Work task. Your answer should be the exact lines of the data below from the one containing "専用ドッグラン、客室風呂、水" through the one containing "предотвращая его распространение."; please include nothing else.

Record set.
————————
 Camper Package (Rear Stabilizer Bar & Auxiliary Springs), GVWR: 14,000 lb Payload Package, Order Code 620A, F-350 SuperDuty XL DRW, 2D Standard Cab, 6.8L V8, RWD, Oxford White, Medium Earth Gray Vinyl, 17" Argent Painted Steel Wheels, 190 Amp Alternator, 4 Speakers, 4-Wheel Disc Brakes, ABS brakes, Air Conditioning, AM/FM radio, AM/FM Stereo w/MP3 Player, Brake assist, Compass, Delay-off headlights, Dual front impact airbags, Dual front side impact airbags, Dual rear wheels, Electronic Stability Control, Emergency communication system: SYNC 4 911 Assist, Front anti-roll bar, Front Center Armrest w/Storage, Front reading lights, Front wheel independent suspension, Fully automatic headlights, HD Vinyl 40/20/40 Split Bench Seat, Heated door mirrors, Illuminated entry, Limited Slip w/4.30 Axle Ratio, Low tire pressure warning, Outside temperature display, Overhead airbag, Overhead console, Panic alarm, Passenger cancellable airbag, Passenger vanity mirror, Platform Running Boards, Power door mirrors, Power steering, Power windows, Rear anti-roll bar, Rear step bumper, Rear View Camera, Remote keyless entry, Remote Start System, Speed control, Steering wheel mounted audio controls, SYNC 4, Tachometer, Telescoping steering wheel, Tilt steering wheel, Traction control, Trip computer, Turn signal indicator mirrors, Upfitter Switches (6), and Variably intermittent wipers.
————————
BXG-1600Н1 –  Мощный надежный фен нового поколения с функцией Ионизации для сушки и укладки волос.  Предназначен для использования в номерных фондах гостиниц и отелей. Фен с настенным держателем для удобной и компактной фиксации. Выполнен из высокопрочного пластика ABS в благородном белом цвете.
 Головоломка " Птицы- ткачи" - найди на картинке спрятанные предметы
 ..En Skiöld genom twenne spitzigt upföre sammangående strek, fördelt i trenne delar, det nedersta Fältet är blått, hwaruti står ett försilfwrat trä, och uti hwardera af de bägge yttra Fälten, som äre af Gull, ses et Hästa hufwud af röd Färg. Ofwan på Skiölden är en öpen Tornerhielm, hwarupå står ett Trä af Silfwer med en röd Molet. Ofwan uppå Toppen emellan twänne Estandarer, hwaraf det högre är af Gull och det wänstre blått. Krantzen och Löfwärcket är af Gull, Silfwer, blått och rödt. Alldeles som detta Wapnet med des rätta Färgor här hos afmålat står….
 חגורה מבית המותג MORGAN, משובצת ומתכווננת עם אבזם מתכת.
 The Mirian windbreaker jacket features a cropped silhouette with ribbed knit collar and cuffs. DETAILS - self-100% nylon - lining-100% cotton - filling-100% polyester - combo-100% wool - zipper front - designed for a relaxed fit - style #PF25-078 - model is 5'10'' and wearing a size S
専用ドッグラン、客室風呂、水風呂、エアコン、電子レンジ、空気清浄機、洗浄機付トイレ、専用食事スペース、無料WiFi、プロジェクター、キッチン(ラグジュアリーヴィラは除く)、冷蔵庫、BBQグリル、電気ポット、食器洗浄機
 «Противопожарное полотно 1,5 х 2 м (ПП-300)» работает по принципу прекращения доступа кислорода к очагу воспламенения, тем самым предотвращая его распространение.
————————
Written solution.
専用ドッグラン、客室風呂、水風呂、エアコン、電子レンジ、空気清浄機、洗浄機付トイレ、専用食事スペース、無料WiFi、プロジェクター、キッチン(ラグジュアリーヴィラは除く)、冷蔵庫、BBQグリル、電気ポット、食器洗浄機
 «Противопожарное полотно 1,5 х 2 м (ПП-300)» работает по принципу прекращения доступа кислорода к очагу воспламенения, тем самым предотвращая его распространение.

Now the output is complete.